> Directions
Return each line of the data below verbatim; pictures are to be left out.

-------- Source data

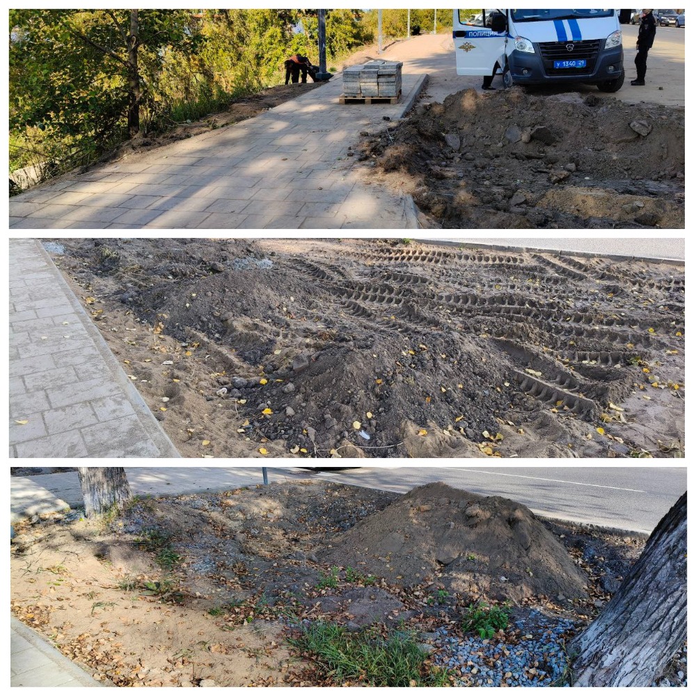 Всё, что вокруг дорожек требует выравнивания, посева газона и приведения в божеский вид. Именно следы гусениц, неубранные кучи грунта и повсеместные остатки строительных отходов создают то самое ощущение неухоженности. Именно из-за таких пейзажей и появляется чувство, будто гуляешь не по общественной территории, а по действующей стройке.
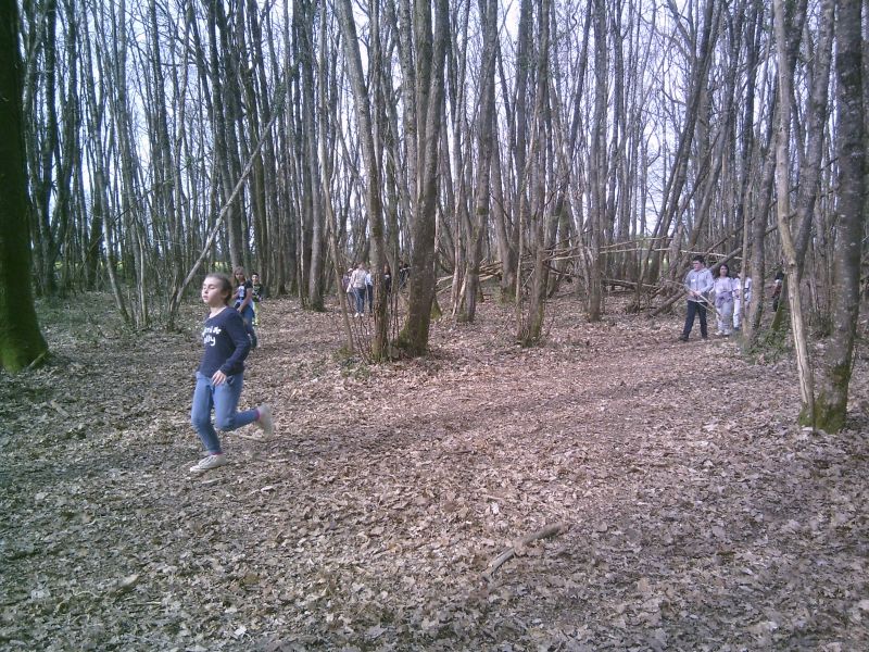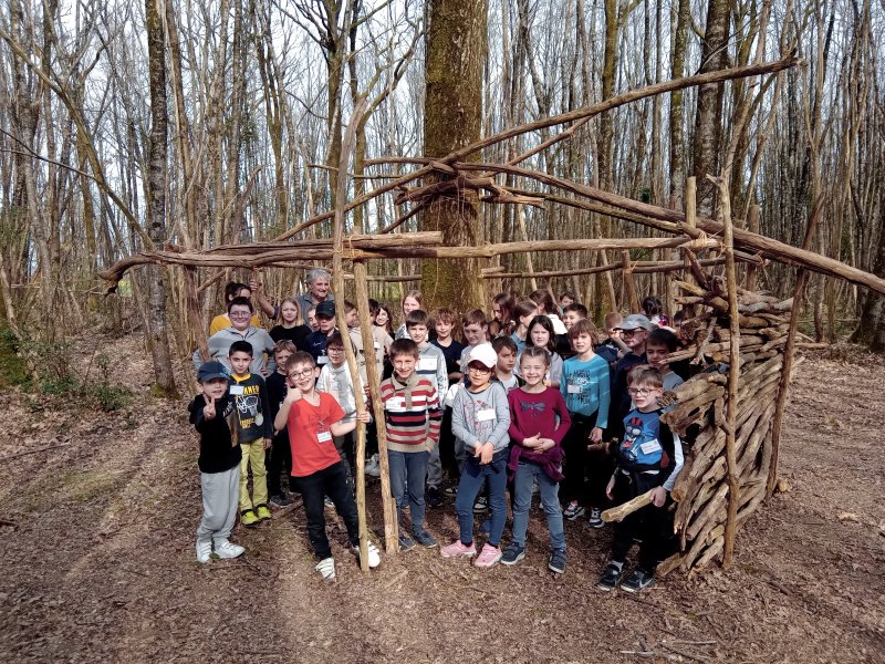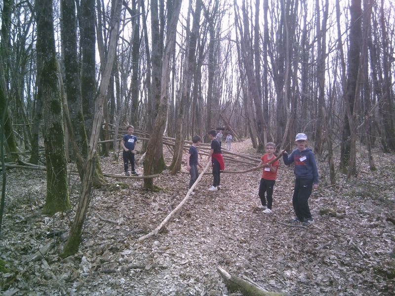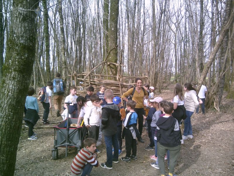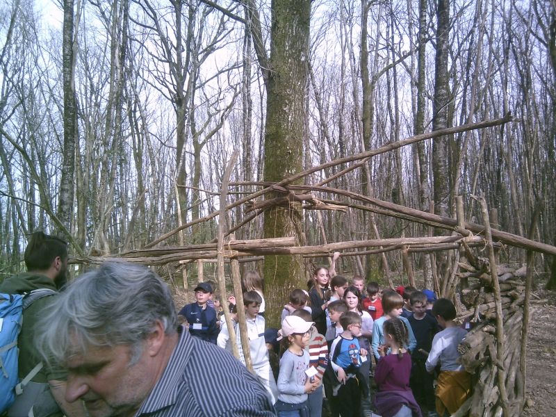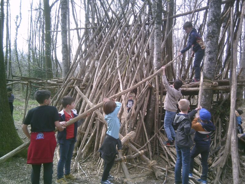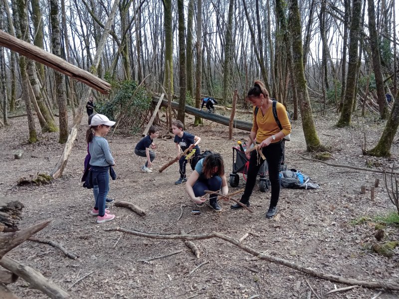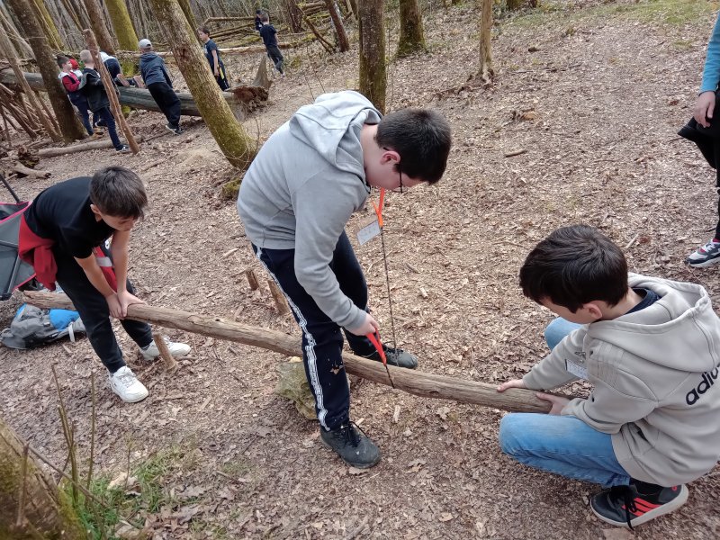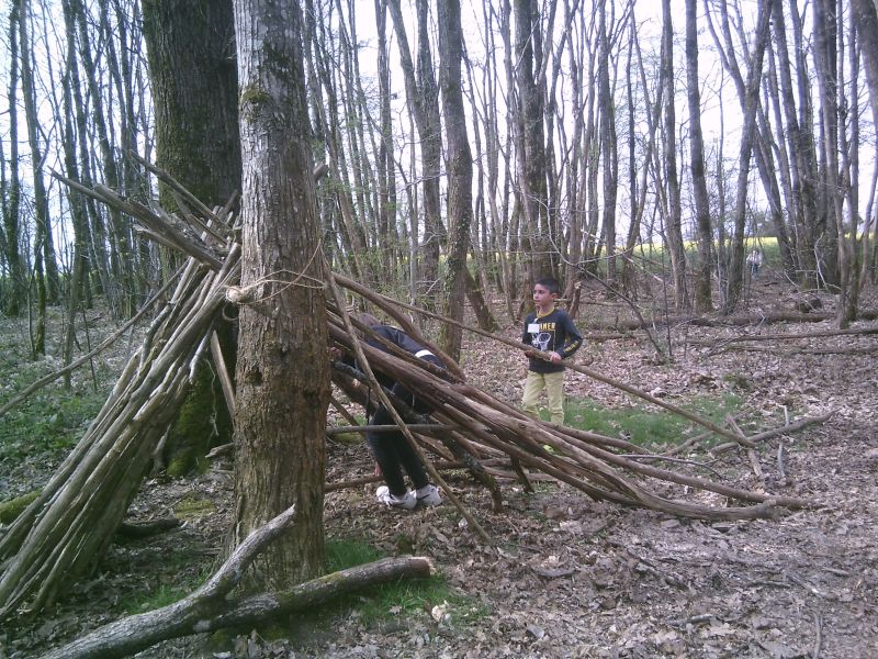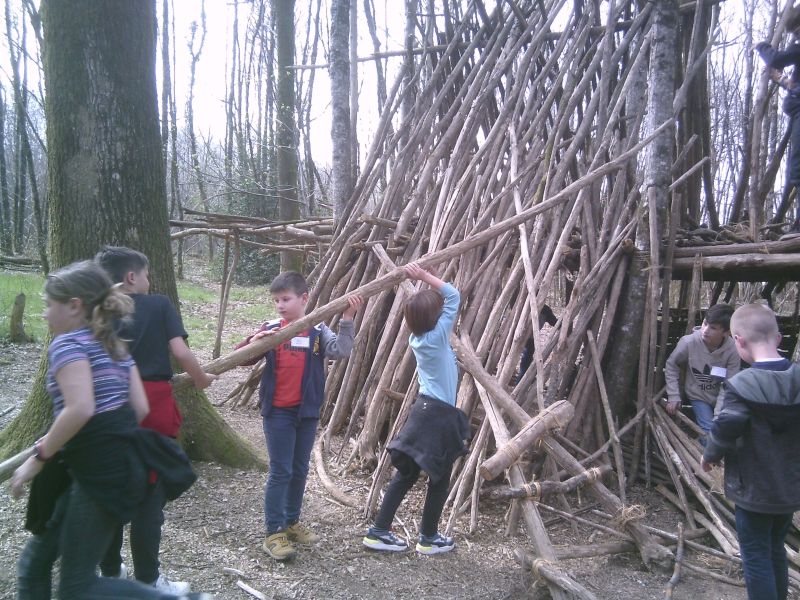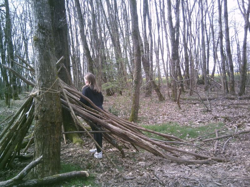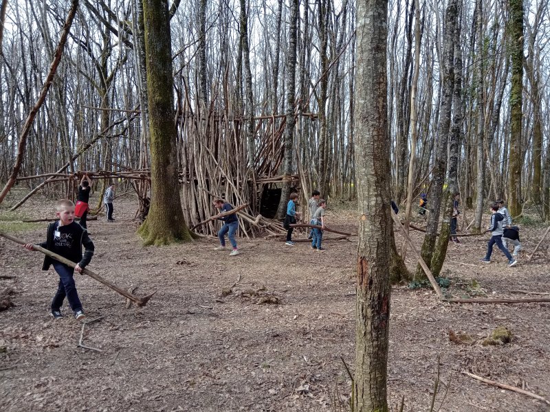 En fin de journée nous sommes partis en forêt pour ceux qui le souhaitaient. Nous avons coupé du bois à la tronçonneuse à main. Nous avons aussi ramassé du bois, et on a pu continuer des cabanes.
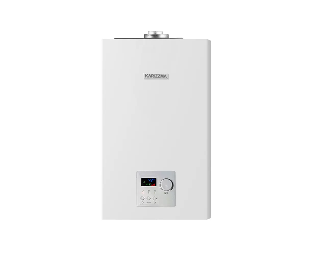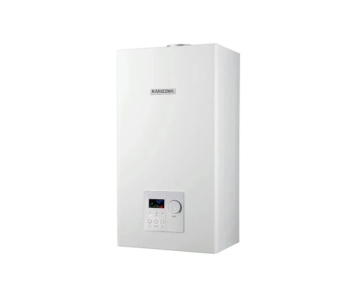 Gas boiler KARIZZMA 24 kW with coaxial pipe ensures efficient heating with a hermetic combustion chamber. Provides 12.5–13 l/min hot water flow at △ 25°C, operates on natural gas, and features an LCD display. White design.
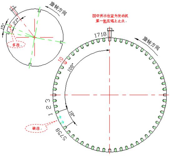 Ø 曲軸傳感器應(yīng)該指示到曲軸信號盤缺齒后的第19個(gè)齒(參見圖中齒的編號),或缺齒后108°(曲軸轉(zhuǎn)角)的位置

----------------

> Task result
 Всё, что вокруг дорожек требует выравнивания, посева газона и приведения в божеский вид. Именно следы гусениц, неубранные кучи грунта и повсеместные остатки строительных отходов создают то самое ощущение неухоженности. Именно из-за таких пейзажей и появляется чувство, будто гуляешь не по общественной территории, а по действующей стройке.
 En fin de journée nous sommes partis en forêt pour ceux qui le souhaitaient. Nous avons coupé du bois à la tronçonneuse à main. Nous avons aussi ramassé du bois, et on a pu continuer des cabanes.
 Gas boiler KARIZZMA 24 kW with coaxial pipe ensures efficient heating with a hermetic combustion chamber. Provides 12.5–13 l/min hot water flow at △ 25°C, operates on natural gas, and features an LCD display. White design.
 Ø 曲軸傳感器應(yīng)該指示到曲軸信號盤缺齒后的第19個(gè)齒(參見圖中齒的編號),或缺齒后108°(曲軸轉(zhuǎn)角)的位置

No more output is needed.